Problem description :: Return every line of the records that includes the string "resultados".

Data section ::
--------------------------------

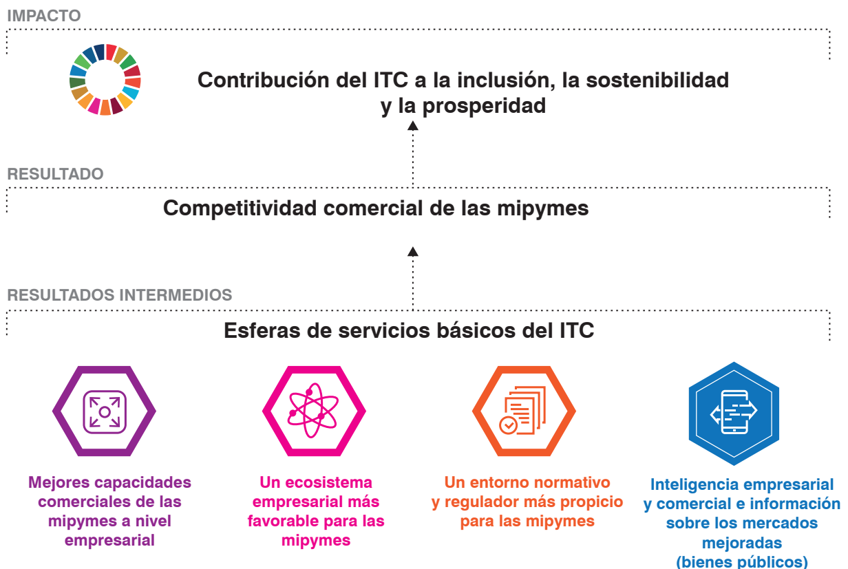
FIGURA 4. Versión simplificada del marco de resultados del ITC

Nota: En el anexo, está disponible una versión íntegra del marco de resultados con los indicadores institucionales.
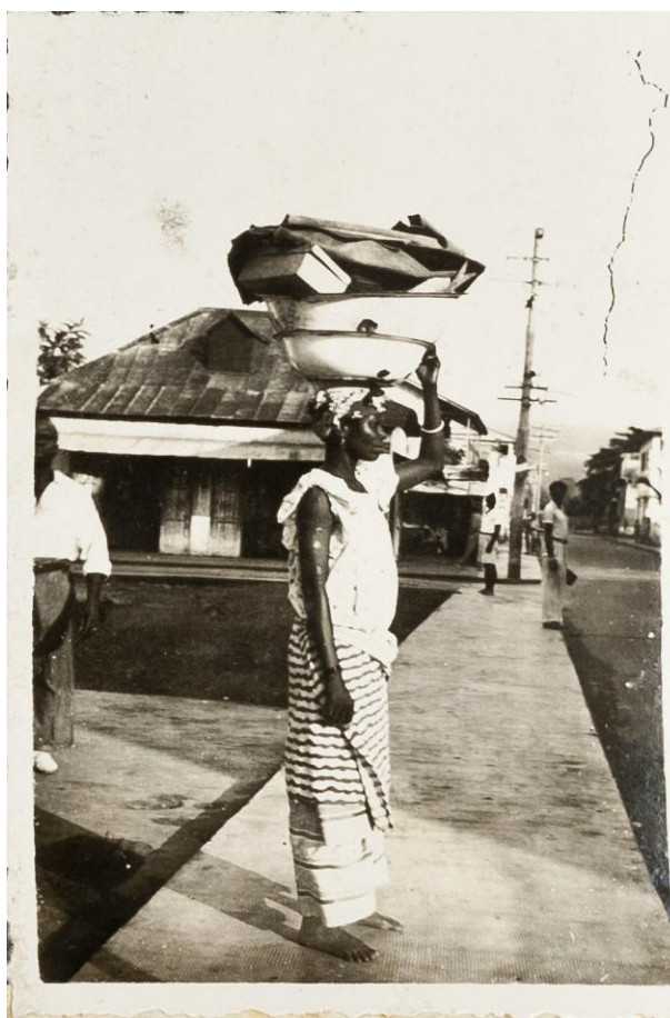
Figura 13. Según la imagen, retrato de perfil de una mujer en el «barrio yaoundé», de Santa Isabel, actual Malabo, capital de Guinea Ecuatorial. La imagen se supone tomada en época colonial y nada parece haber cambiado. N.º de inventario MNA: FD5430.
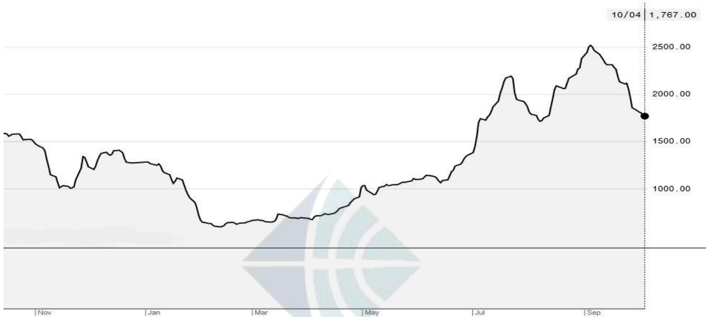
BDI-Dry Market Index (11/01/2018-10/04/2019)
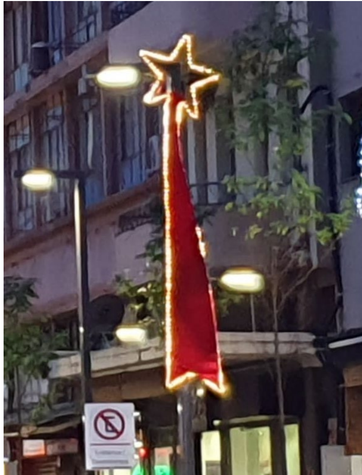
Figura 2 - Flâmulas Natalinas - 14 de Julho
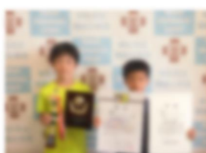
第21回全道少年U-10サッカー北海道大会十勝地区予選 第21回勝毎杯全十勝U-10サッカー大会 第7トーナメント 優勝 3年児童 開西つつじが丘 JrFC 2024年6月16日
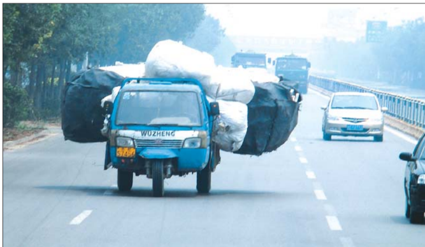
北二路上,一辆满载货物的三轮车,占去两条行车道行驶。
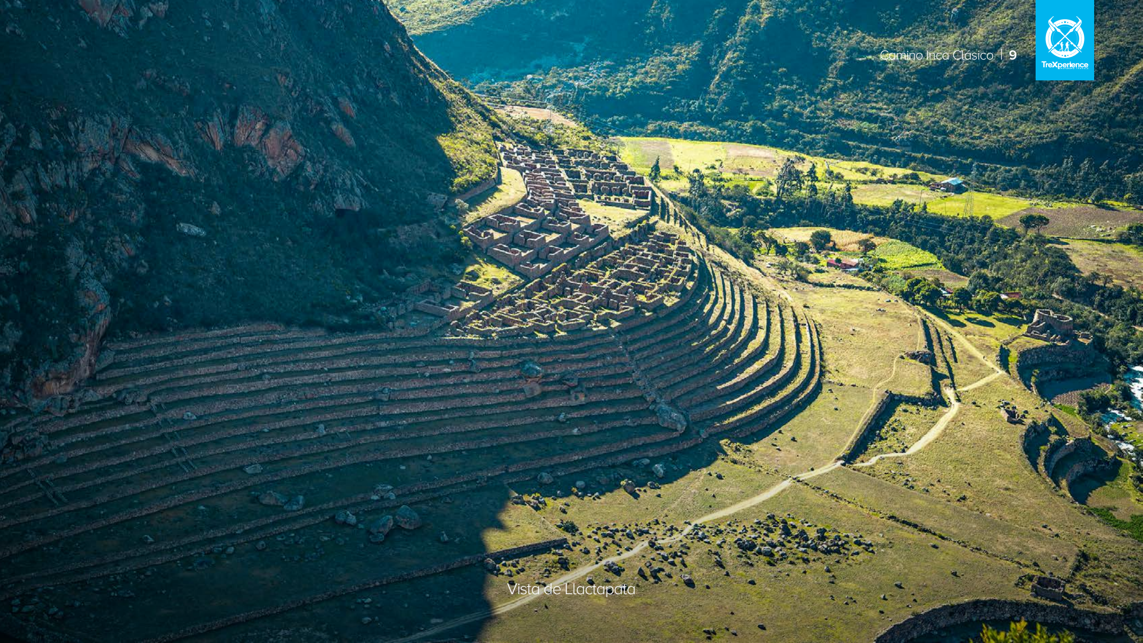
Vista de Lactapata

--------------------------------

Task output ::
FIGURA 4. Versión simplificada del marco de resultados del ITC
Nota: En el anexo, está disponible una versión íntegra del marco de resultados con los indicadores institucionales.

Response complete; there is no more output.